Introduction to Computational Linguistics

Tools
Homework

    Assignment One

    Textbook
    Problems
     

    Exercises 2.1,2.4 and 2.8 at the end of chapter 2 in Jurafsky and Martin on pp. 53-56.

    Regular
    Recognition
     

    Describe the class of strings matched by the following regular expressions:

    1. [a-zA-Z]+
    2. [A-Z][a-z]*
    3. \d+(\.\d+)?
    4. ([bcdfghjklmnpqrstvwxyz][aeiou][bcdfghjklmnpqrstvwxyz])*
    5. \w+|[^\w\s]+
    Corpus  

    For exercises A and B below, use the Wall Street Journal as your corpus.

    This is located at:

      /opt/corpora/nanc/wsj/
    There are three subdirectories containing the articles for particular years:
    • 1994
    • 1995
    • 1996
    Compression   The files in the nanc wsj corpus are compressed, so before passing them to egrep you need to uncompress them.

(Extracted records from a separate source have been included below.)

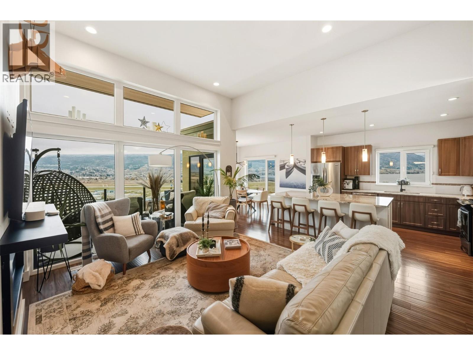 CONTINGENT. Oh My! The Views! Enjoy the panoramic Skaha Lake and City of Penticton views from this gorgeous modern contemporary home with a stunning location within Skaha Hills. This 4 bedroom, 3 bathroom home plus den is sure to please the entire family. The Main Floor features an open concept kitchen, living and dining area, spacious primary room with walk in closets and a 4 pc bath with walk in shower, the second bedroom, the main 4pc bath and a den/office with a stunning view. Downstairs you'll find 2 more bedrooms, another 4pc bath, the large utility/storage room and a spacious open concept living room/rec room. The downstairs could quite easily be converted into a private suite or even an Airbnb for added income. It's the large decks that have made Skaha Hills famous and this one is spectacular. The panoramic views of the city, the lake, the mountains and the coming and goings at the airport allow for hours of sightseeing. No view day or night ever seems to be the same! These well built Greyback homes are Provincial Property Tax free and have a secure 99 year prepaid lease. Skaha Hills features resort amenities; pool and hot tub, weight room and gym, tennis and pickle ball courts, Play Winery, hiking and biking trails and our own Dog Park all for a low HOA fee of $196 a month. Consider joining the Hill and basking in all the Okanagan Lifestyle can throw your way. Book your own private showing today. (id:2469)
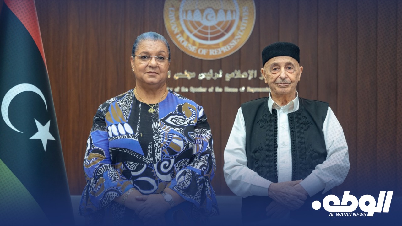 التقى رئيس مجلس النواب المستشار عقيلة صالح، اليوم الممثلة الخاصة للأمين العام، رئيسة بعثة الأمم المتحدة للدعم في ليبيا، هانا تيته، ونائبتها ستيفاني خوري.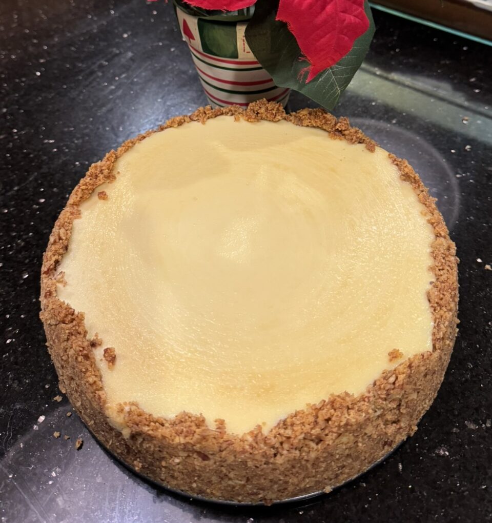 11. Remove the cheesecake from the oven and allow to cool. Cover it with foil and then place it in the refrigerator for at least 24 hours to allow it to season. The flavors will become richly enhanced as it cools overnight.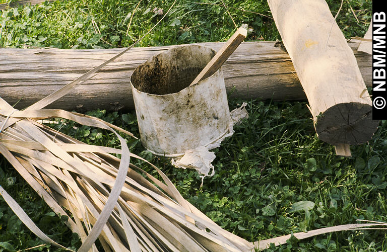 diapositive : On enduit le billot de frêne noir de boue pour révéler chaque couche , juin 1976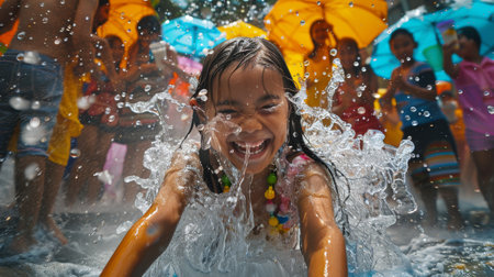 Maha Songkran, World Water Festival, Celebrate Thai New Year, Songkran day Thailand concept. Happy people splashing water. Generative ai.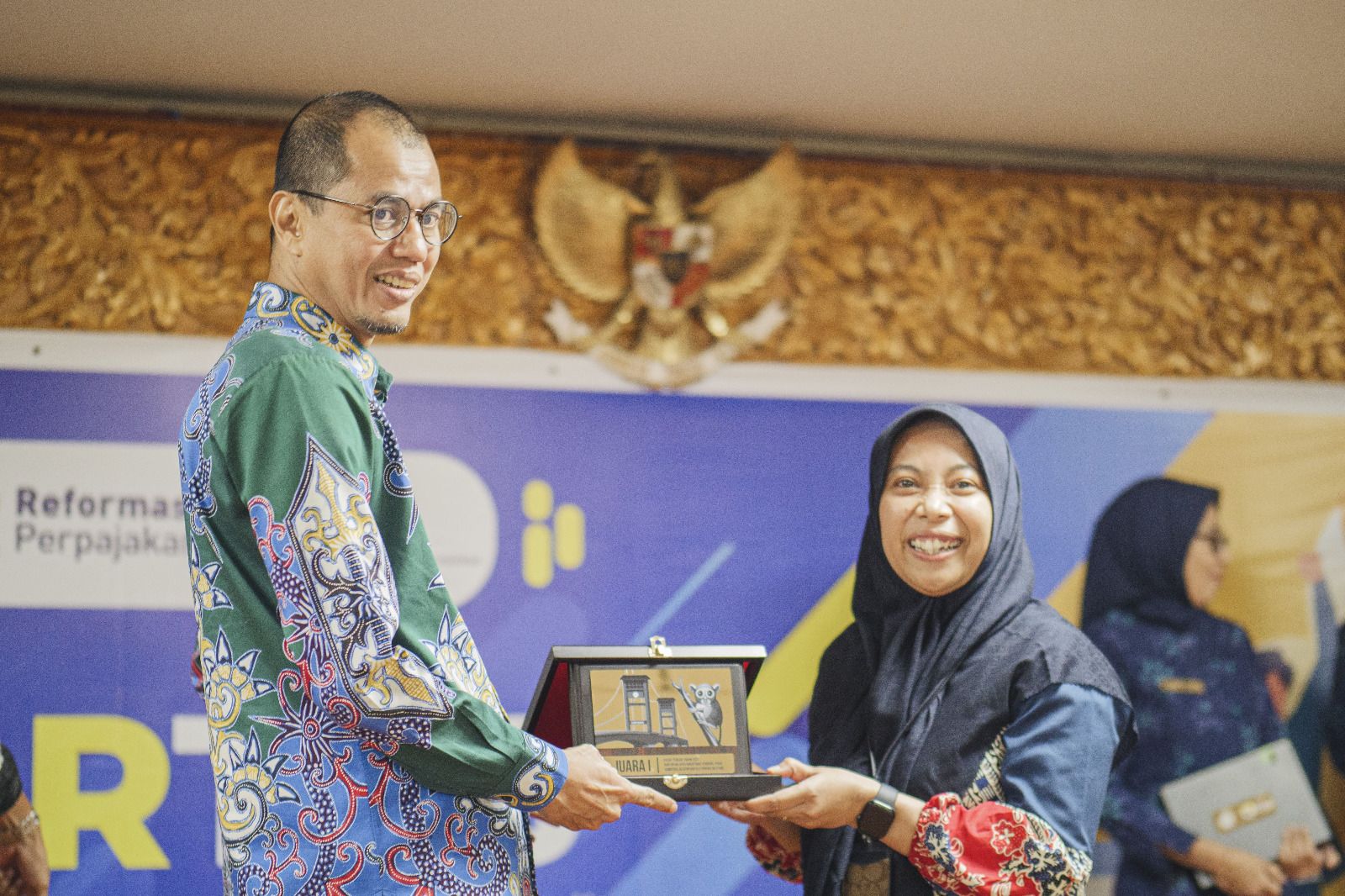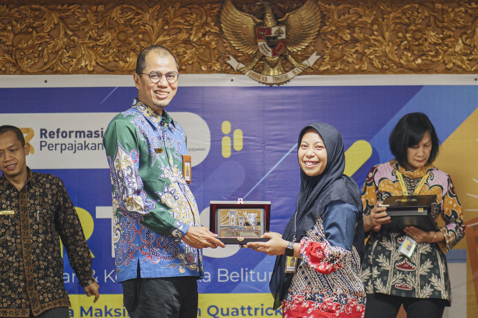 Penghargaan tersebut diberikan langsung oleh Tarmizi selaku Kepala Kanwil DJP Sumsel Babel kepada Malikha Wahyuninda selaku perwakilan KP2KP Empat Lawang.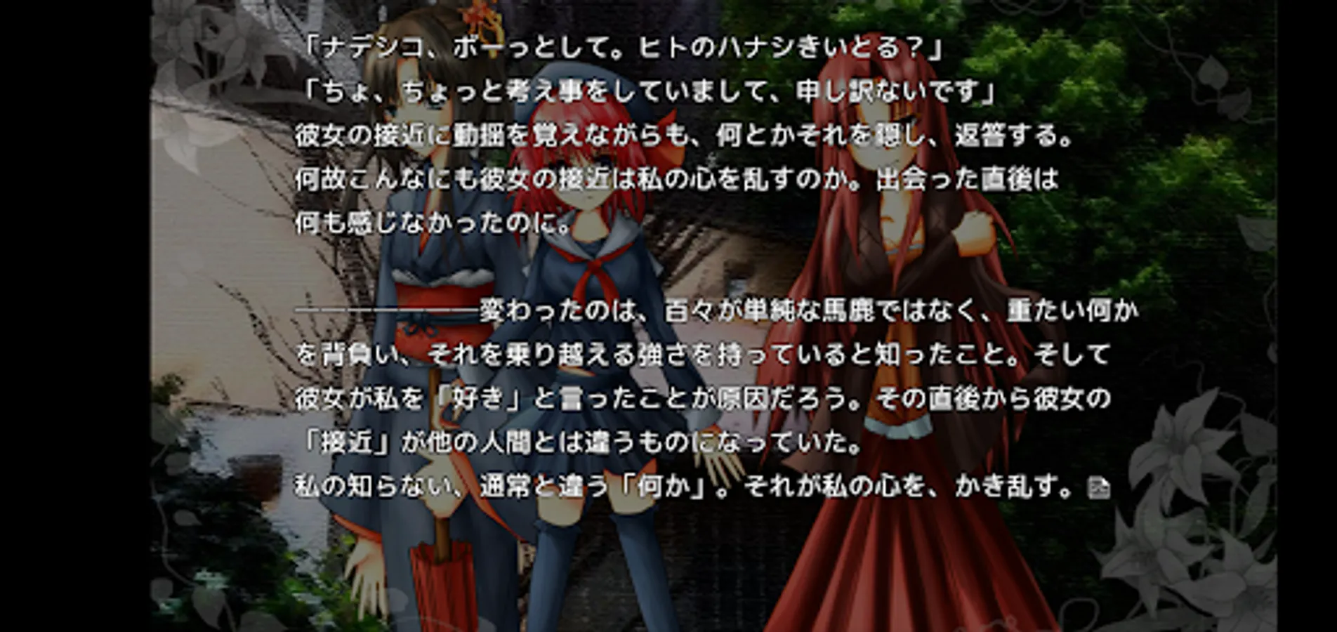 As soon as she meets, she confesses her love to Nadeshiko. While feeling annoyed by such contact, Nadeshiko feels more sparkling than murder.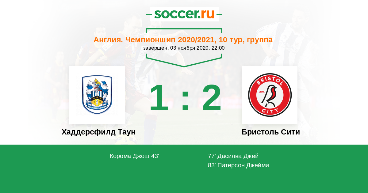 Протокол матча Хаддерсфилд Таун против Бристоль Сити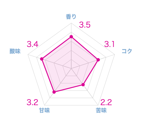 香りを嗅いだ時は酸味が強いイメージを持ったものの、酸味に負けない甘みがあり、良い意味で裏切られた気分です。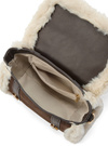 ふわふわのエコファーとスエード調素材を組み合わせた、季節感たっぷりなミニバッグ。アクセントにベルトディテールをあしらい、甘すぎない印象に仕上げた。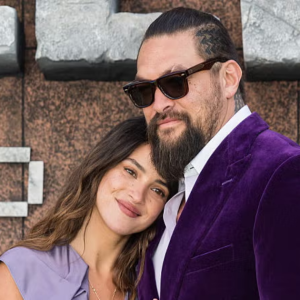 Jason Momoa and Adria Arjona Coordinate in Purple on the Red Carpet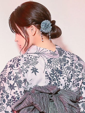 揺れるビジューが麗しい♡ 【浴衣】髪飾り ポンポンマム 垂れ飾り ビジュー ヘアアクセサリー 3点セットSET(ダスティピンク/パープル/ミントグレー/スモークブルー)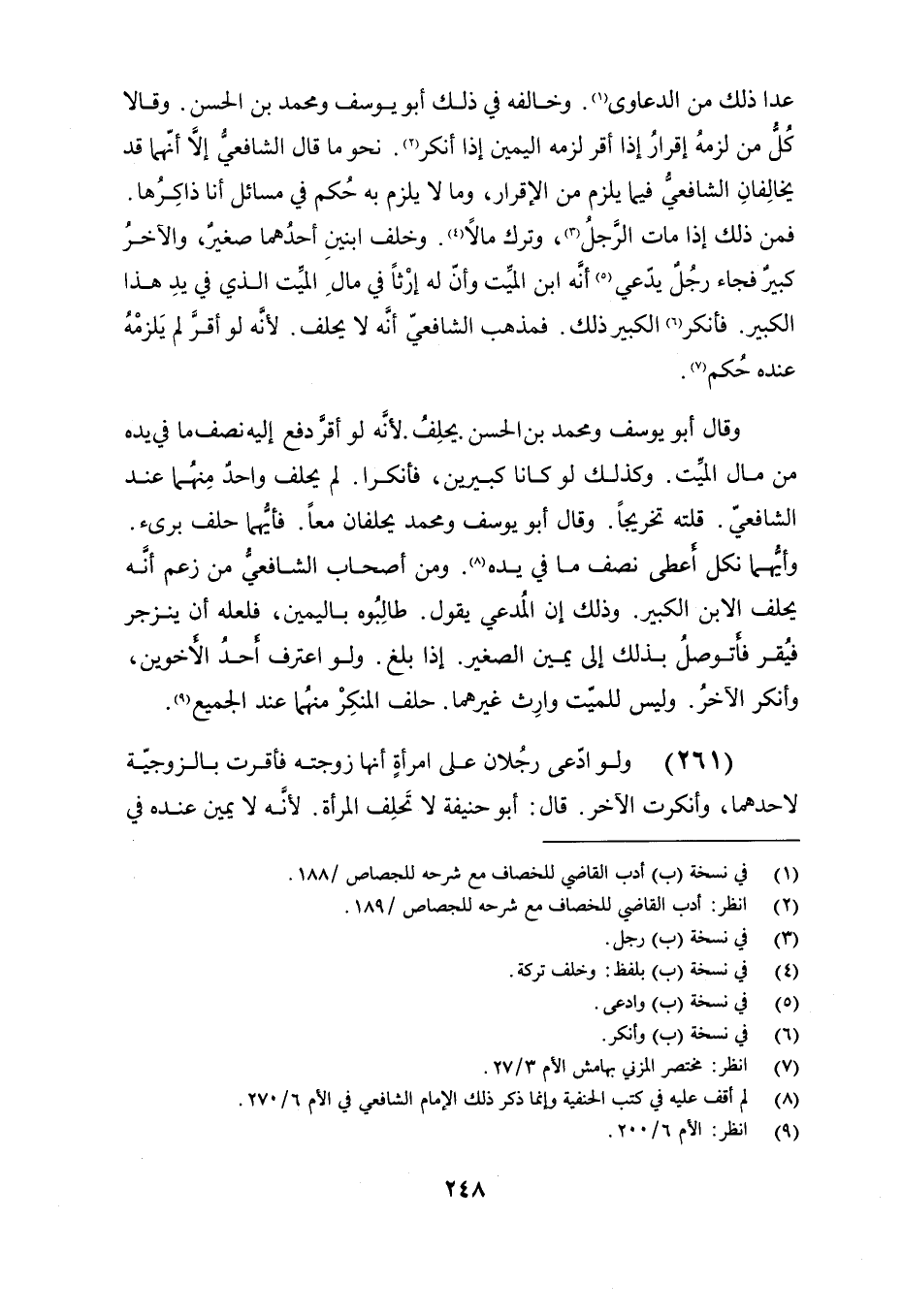 (261) ولو ادعى رجلان على امرأةٍ أنها زوجته فأقرت بالزوجية لأحدهما, وأنكرت الآخر. قال: أبو حنيفة لا تحلف المرأة. لأنه لا يمين عنده في

Thus to search for instance of the choleric in the 1995 wsj corpus, you would cd to
    /opt/corpora/nanc/wsj/1995
    
    and execute:
    gunzip -c * | egrep choleric
    
    gunzip -c [filename] uncompresses a file and passes it to standard output where egrep can read it.
    Exercise A  

    Search for all word tokens that meet the following description:

      They contain all the English vowels (counting 'y' as a vowel) in alphabetical order.
    Your answer to this question should meet the following requirements:
    1. List the distinct words you found meeting the above description.
    2. Give the regular expression you used.
    3. Do not list the lines grep returned.
    In other words if grep returns 500 lines of text from the WSJ corpus, just give the regular expression you used to find those 500 lines and the distinct words that matched the regular expression.

    Exercise B  

    Search for all instances of words that meet the following description:

      They contain all the English vowels in alphabetical order, with no other vowels interrupting the sequence. This, time don't count 'y' as a vowel. In other words, look for words that contain 'a','e','i', 'o' and 'u' in that order with only consonants between.
    What are the words? What regular expression did you use?